2. The ’bad’ set $E$ is computable by a circuit of size $\textrm {poly}(s)$, and depth $d + O(1)$.

Proof of Claim 10 part 2. Consider a single OR gate with input gates $g_1, \dots , g_s$. This is represented in the approximating polynomial by the term

\begin{aligned}1 - \prod _{i=1}^{\textrm {polylog}(s/\epsilon )}(1 - \sum _{j \in S_i} g_j).\end{aligned}

Note that the term is incorrect exactly when the input $g_1, \dots , g_s$ has weight $> 0$ but all the sets $S_i$ intersect $0$ or $\geq 2$ ones. This can be checked in AC$^0$, in parallel for all gates in the circuit. $\square$

Proof of Claim 9. Run approximation 1 for the distribution $\frac {D+U}{2}$, yielding the polynomial $p_c$ and the set $E$. This already proves the first part of the claim for both $D$ and $U$, because if $E$ has probability $\epsilon$ under $D$ it has probability $\ge \epsilon /2$ under $(D+U)/2$, and the same for $U$ . Use Claim 10 part 2, and run approximation 2 on $E$. Call the resulting polynomial $p_E$, which has degree $\log (s/\delta )^{O(d)}$ with error bound $\delta$.
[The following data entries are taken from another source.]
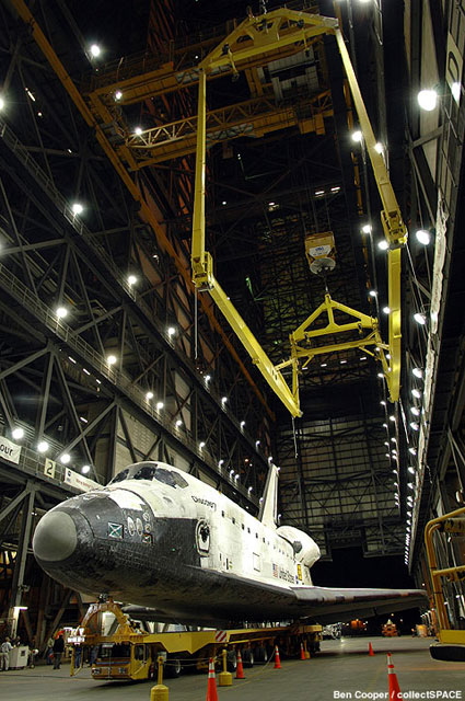 Workers at Kennedy Space Center are now preparing to lift Discovery by a 300-ton crane to a vertical position and then lower the orbiter onto the External Tank. Once done, Discovery will begin its eight hour journey to launch pad.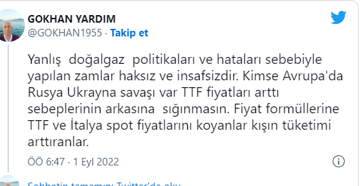 BOTAŞ Eski Genel Müdürü Gökhan Yardım, sosyal medya hesabından doğal gaz zammıyla ilgili yaptığı paylaşımda "Yanlış doğalgaz politikaları ve hataları sebebiyle yapılan zamlar haksız ve insafsızdır. Kimse Avrupa'da Rusya Ukrayna savaşı var TTF fiyatları arttı sebeplerinin arkasına sığınmasın. Fiyat formüllerine TTF ve İtalya spot fiyatlarını koyanlar kışın tüketimi arttıranlar." diyerek tepki gösterdi.
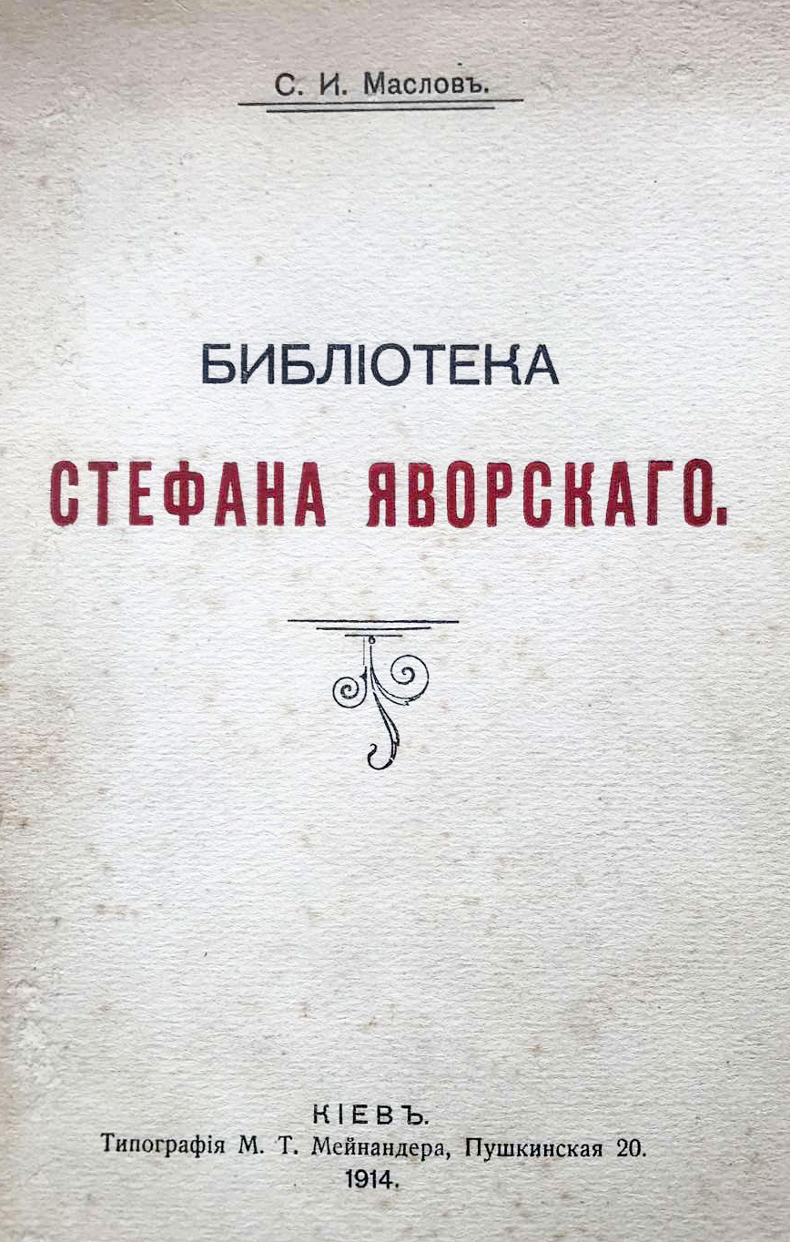 Маслов С. Библиотека Стефана Яворского. – Киев : Тип.Т. Г. Мейнандера, 1914. – [2], 66, LXXXVIIIс. : [4] вкл. л. : ил. – Оттиск из Чтений в Историческом Обществе Нестора-летописца. Кн. 24. Вып. 2).

The idea in the ultimate approximating polynomial is to “check if there is a mistake, and if so, output $0$. Otherwise, output $C$”. Formally:

\begin{aligned}p(x) := 1 - (1 - p_c(1 - p_E))^2\end{aligned}

Claim 9 part 2 can be shown as follows. $p(x) \leq 1$ by definition. So, if $C(x) \vee E(x) = 1$, then we are done. Otherwise, $C(x) \vee E(x) = 0$. So there is no mistake, and $C=0$. Hence, by the properties of Approximation 1, $p_c(x) = 0$. This implies $p(x)=0$.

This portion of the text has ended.